WORMS DIGEST

Arcadia Molinas 

SMALL FIRES by Rebecca May Johnson

This book takes the recipe and holds it up to the light. Under a microscope the recipe becomes text, an epic, a chorus, the possibility of embodiment. Under Rebecca May Johnson’s pen, the recipe becomes a rich text that can open up conversations about relationships to the self (via Simone Weil and her refusal of food) and to others (Anne Boyer's “You” who is "every beloved"). What are the implications of a text (the recipe) that is translated by every reader (from page to pan) - whose purpose is to feed the body, modify the anima, relate to other people? Very powerful and fleshed out ideas in this book. My copy is full of scribbles.

TO THE FRIEND WHO DID NOT SAVE MY LIFE by Hervé Guibert

I loved our September book club pick. The writing was mesmerizing, the honesty rattling, the tea hot.

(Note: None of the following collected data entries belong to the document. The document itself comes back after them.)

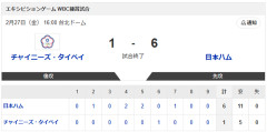 【日本ハムvs. 味全(台湾) 国際交流試合】1(左)水谷瞬 2(右)万波中正 3(指)レイエス 4(三)郡司裕也 16:00〜
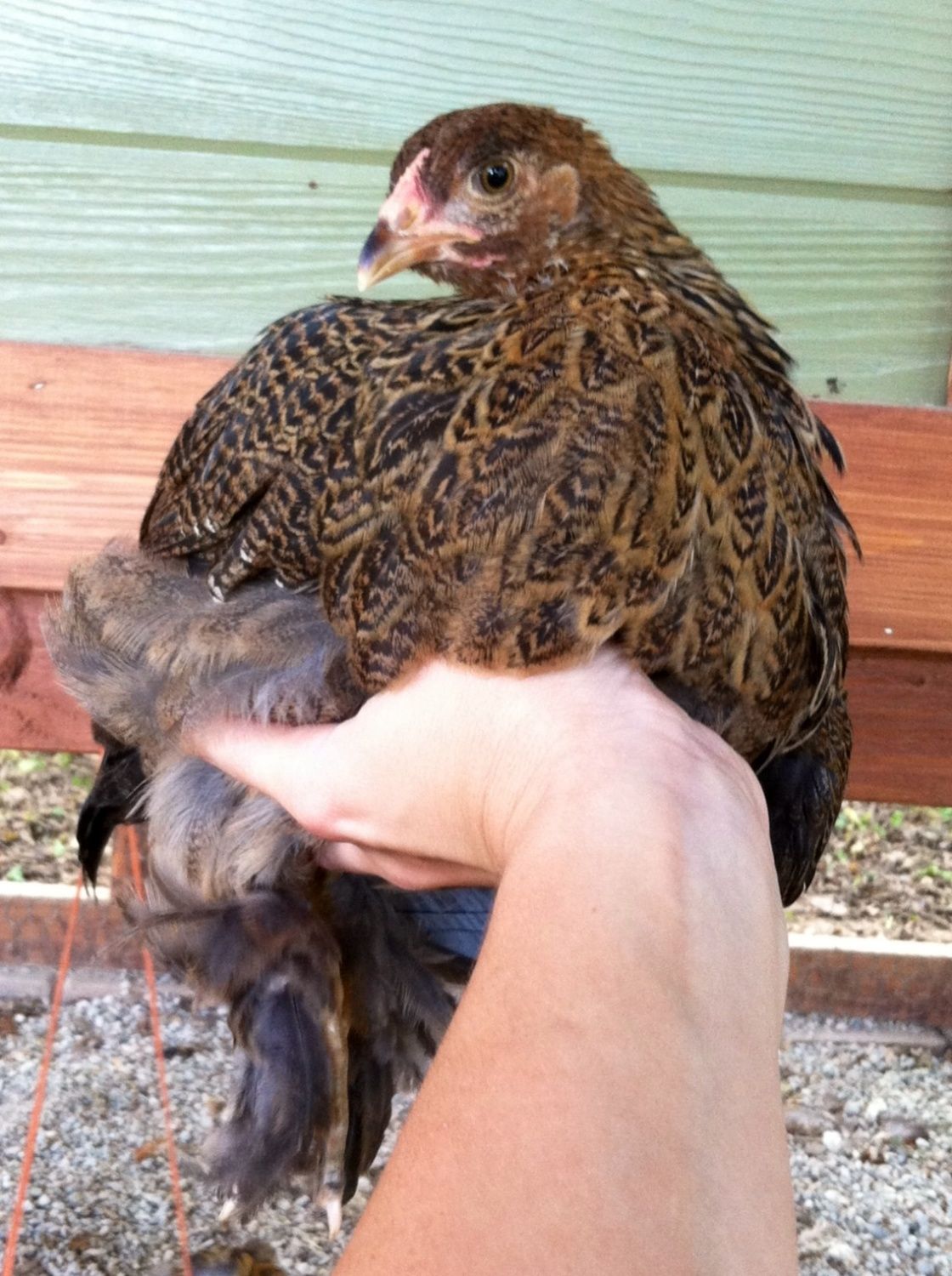 Here is what the "gold" pullet is looking like. I don't believe her pattern is correct at all, although she's way closer than the "blue" ones. Pretty little thing, though
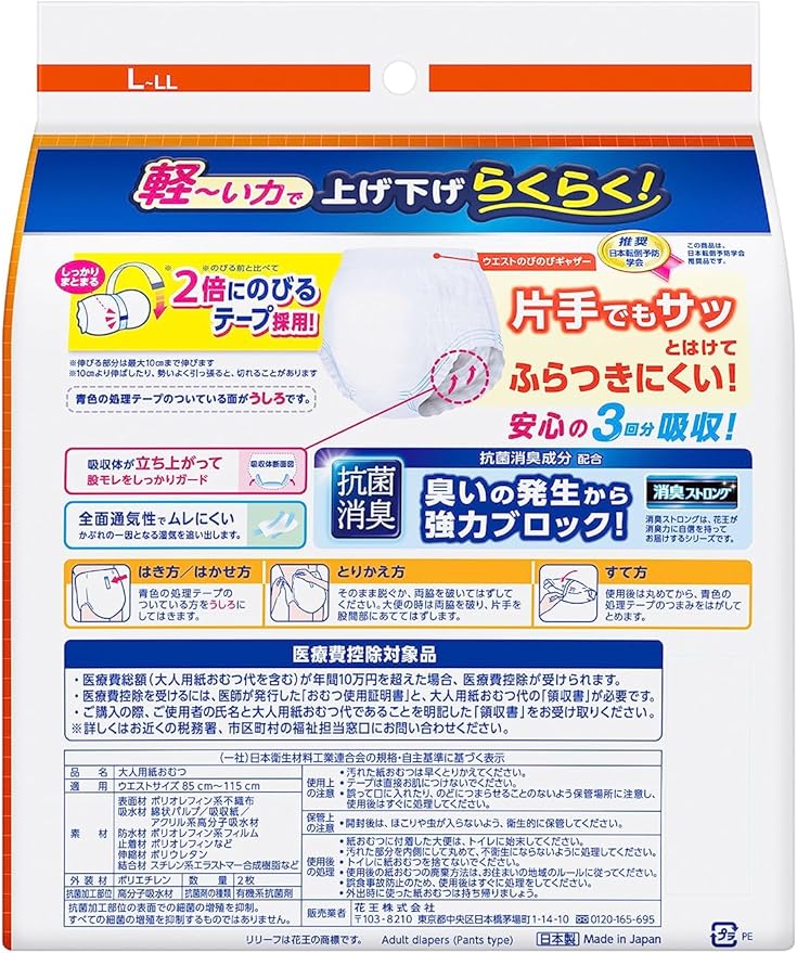 すっきりとしたうす型。なのに、しっかり吸収して安心。「股下フィット吸収体」が股からのモレをしっかりガードします。銀(Ag)含有の抗菌消臭成分配合で雑菌の繁殖を抑えニオイを防ぎます。下着のように上げ下げしやすくスルッとはけて、ふらつきにくい設計。

Credited for outing Michel Foucault and revealing his AIDS related death, To the Friend Who Did Not Save My Life takes no prisoners in its account of the horrifying epidemic that took so many lovers, friends and family members from each other. Guibert describes with an incredible tenderness the duality between life and death that the disease forced its victims to face, between utter despair and hope. Extremely, extremely keen to read his other books.


 

IN PRAISE OF CONTEMPT

I really, really enjoyed this essay by Katherine E. Standefer on the Iowa Review.

ANNIE HAMILTON

I’m unhealthily obsessed with Annie Hamilton, writer-cum-performance-artist. She’s published a couple of articles these past weeks and I’ve been reading them attentively.

How to Quit Smoking When You’re Really, Really Good At It in GQ was so great. Almost sent it to my ex as a way of reconnecting (he was really, really good at smoking).

Annie Hamiton On Failing in Byline was beautiful and I loved getting some insight into the enigmatic figure of Annie Hamilton. I loved what she said about being “a good charmer, a good showman, a good writer, but not an actress.” I also found her reflections on persistence and failure very true. 

BFI FILM FESTIVAL SPECIAL

You arrive to the Southbank Centre, the atmosphere is bustling. People with pink and blue lanyards around their necks are scuttling about, audiences enter and exit movie halls, you find your seat in the enormous Royal Festive Hall and the lights dim and the screen flickers to life. This film festival has given me many joys these past days and here are some of my highlights:

  • PRISCILLA
    Had the fortune of going to see Priscilla by Sofia Coppola and it was GOOD. It’s undeniable that there’s a master at work when you see this film.

  • LAST SUMMER
    Controversial, but if there’s one thing I like, it’s morally questionable matters explored in film.

 

Enya sullivan

I recently watched ‘The Stuart Hall Project’- up on Mubi currently. It’s directed by John Akomfrah, who weaves archival footage of Hall to chart his own life and the emergence of the New Left in the UK, sliced between music from Miles Davis. Given how dire the critical landscape is by those in power and at the top in this country, it’s a balm for the mind that is urgently needed. 

I’ve also been reading ‘The Plague’ by Jacqueline Rose, which charts how we talk and deal with death (what lives are deemed as disposable) and the fact that death can no longer be wiped or pushed away from our consciousness- she writes largely of Covid and Ukraine. I saw Rose give an eloquent talk as part of the Parapraxis series on the topic of ‘the wish’. She was able to speak so sensitively and intelligently in response to audience questions on Palestine, racism in psychoanalysis and generally feelings that many had in regards to their own lives being considered as ‘a living death’. Rose works through Simone Weil and Winnicott in order to try to argue that we must admit the limits of our own humanity in order to rid the terror and illusion that those at the top impose of ‘earthly power’. 


This also leads me to recommend the magazine ‘Parapraxis’ whose mission is ‘To inquire into and uncover the psychosocial dimension of our lives—investigating social, political, and personal issues in relation to violence and conflict, gender and sexuality, racism and diasporic experience, and care and welfare.’ Check out their website!